> [Your objective]
What is needed is the exact text of each line in the listing below from the one with "Прозрачный шифоновый топ" up to and including the one with "デザイン: シンプルな無地の", and no pictures.

> [Input]
··········

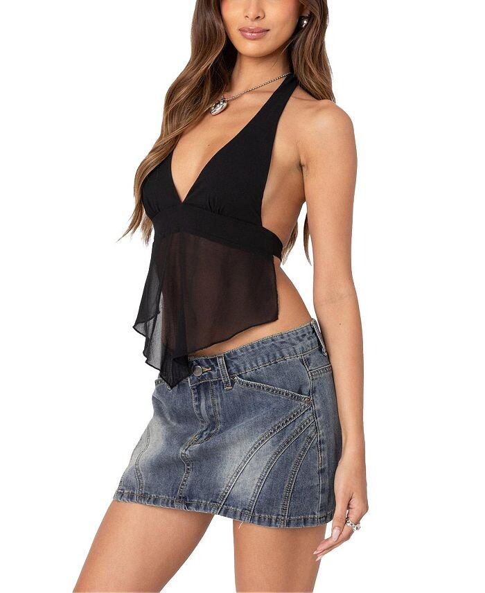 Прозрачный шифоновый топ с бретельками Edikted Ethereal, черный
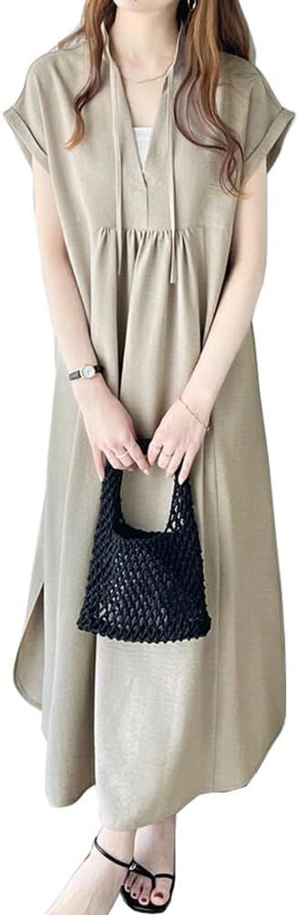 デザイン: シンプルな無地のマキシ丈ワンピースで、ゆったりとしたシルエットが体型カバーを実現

··········

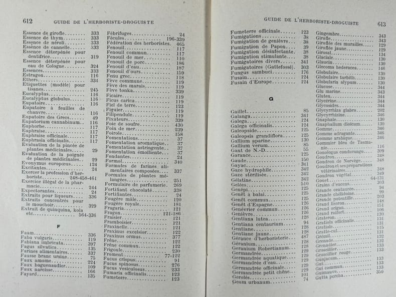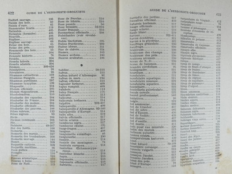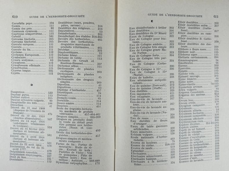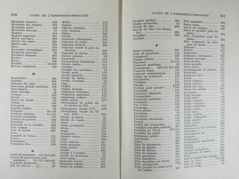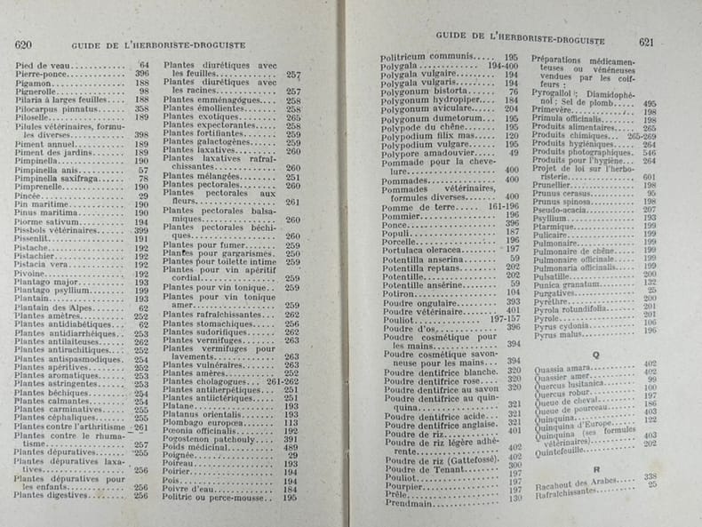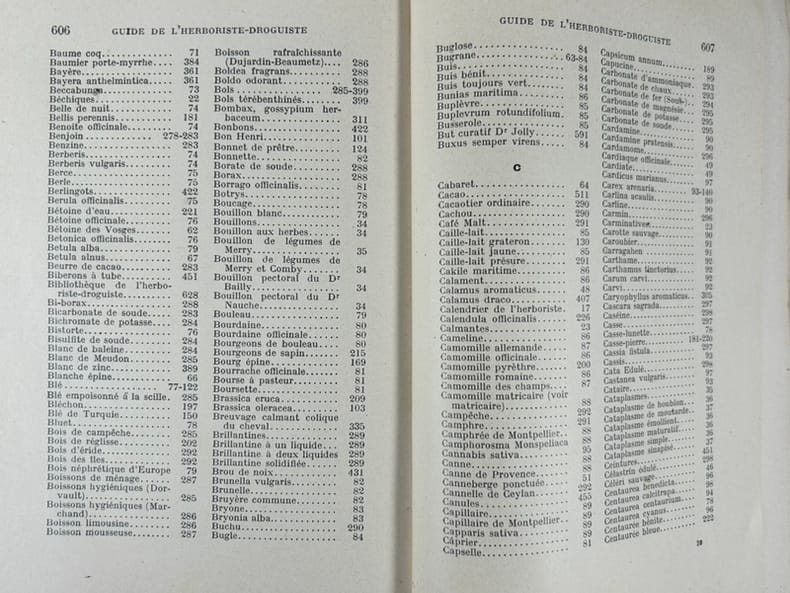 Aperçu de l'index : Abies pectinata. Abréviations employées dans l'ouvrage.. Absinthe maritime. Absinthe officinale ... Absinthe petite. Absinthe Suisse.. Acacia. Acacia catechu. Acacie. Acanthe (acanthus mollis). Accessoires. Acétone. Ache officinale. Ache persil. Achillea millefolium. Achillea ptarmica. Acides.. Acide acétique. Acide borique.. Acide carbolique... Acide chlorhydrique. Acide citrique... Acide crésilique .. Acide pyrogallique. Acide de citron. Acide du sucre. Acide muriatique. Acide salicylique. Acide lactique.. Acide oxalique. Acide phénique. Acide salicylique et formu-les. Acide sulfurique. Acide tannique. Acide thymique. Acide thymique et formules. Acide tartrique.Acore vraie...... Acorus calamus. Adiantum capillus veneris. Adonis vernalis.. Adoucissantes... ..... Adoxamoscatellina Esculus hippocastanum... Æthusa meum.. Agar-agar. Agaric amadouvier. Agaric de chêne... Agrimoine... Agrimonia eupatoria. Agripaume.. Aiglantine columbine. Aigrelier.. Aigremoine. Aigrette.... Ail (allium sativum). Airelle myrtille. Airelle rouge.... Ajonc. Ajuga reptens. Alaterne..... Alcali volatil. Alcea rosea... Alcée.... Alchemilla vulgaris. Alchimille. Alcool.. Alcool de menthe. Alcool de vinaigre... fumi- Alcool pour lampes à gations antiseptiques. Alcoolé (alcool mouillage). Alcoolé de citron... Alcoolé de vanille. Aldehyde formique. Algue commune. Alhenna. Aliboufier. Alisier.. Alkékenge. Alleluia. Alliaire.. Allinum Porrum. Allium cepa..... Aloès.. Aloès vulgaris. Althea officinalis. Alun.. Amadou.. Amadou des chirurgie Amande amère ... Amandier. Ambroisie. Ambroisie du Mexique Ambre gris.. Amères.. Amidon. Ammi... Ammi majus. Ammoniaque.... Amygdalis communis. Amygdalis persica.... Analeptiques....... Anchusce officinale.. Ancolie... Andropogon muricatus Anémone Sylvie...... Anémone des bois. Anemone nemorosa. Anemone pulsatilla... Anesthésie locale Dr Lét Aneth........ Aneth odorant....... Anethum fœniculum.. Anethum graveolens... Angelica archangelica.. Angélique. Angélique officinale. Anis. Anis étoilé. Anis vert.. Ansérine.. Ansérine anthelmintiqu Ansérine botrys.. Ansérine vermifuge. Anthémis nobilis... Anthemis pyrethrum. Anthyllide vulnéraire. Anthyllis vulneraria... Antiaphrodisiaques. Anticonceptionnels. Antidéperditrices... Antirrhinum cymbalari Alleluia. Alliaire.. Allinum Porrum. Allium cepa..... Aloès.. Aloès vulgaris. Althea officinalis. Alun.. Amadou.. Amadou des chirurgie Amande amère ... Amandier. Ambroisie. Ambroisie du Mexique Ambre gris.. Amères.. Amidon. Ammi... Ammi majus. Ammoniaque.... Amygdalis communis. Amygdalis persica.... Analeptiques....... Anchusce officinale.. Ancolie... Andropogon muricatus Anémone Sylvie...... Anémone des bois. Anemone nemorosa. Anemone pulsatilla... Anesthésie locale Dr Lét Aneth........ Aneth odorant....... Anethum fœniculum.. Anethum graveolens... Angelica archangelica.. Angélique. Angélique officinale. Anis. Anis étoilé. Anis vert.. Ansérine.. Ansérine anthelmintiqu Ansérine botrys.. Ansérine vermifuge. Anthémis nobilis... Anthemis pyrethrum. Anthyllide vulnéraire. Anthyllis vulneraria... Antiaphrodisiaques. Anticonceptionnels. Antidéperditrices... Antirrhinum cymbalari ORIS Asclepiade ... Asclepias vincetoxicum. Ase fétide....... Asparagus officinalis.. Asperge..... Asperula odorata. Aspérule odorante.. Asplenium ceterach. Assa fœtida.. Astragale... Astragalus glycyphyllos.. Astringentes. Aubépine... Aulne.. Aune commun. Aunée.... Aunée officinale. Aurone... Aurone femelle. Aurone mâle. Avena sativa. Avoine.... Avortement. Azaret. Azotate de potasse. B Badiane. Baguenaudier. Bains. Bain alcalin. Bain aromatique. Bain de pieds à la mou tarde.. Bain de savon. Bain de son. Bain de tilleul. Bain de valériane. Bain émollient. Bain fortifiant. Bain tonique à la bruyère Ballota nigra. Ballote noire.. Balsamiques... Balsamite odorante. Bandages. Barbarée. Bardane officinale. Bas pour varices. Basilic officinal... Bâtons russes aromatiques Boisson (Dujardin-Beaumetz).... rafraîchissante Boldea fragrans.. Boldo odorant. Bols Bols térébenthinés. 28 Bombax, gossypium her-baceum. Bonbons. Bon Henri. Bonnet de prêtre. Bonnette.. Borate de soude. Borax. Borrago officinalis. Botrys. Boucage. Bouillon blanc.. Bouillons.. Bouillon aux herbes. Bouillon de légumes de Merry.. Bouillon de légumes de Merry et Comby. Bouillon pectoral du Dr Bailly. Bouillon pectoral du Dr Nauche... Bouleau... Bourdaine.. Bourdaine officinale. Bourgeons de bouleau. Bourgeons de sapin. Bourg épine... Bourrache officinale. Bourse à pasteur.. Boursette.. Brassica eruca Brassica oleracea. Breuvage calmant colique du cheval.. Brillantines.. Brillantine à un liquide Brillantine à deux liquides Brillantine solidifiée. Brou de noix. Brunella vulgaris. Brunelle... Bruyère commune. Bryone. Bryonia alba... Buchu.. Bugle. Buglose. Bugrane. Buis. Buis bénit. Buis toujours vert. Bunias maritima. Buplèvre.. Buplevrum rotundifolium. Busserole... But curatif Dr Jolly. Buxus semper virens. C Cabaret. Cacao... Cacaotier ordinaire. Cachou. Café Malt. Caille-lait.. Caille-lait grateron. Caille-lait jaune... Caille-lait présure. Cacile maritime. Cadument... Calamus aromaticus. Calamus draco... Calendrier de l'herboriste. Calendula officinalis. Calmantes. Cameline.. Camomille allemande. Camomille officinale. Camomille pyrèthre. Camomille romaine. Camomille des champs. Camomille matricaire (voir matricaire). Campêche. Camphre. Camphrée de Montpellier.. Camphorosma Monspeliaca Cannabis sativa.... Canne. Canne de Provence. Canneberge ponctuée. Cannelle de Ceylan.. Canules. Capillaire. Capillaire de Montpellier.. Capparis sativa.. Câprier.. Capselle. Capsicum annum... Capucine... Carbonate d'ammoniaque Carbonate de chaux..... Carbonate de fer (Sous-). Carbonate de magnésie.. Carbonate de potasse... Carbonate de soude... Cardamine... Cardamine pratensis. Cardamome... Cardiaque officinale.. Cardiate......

··········

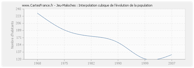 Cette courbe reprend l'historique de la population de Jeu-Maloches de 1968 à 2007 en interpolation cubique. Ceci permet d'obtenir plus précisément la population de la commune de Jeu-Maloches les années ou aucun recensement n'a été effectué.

··········

> [Expected answer]
 Прозрачный шифоновый топ с бретельками Edikted Ethereal, черный
 デザイン: シンプルな無地のマキシ丈ワンピースで、ゆったりとしたシルエットが体型カバーを実現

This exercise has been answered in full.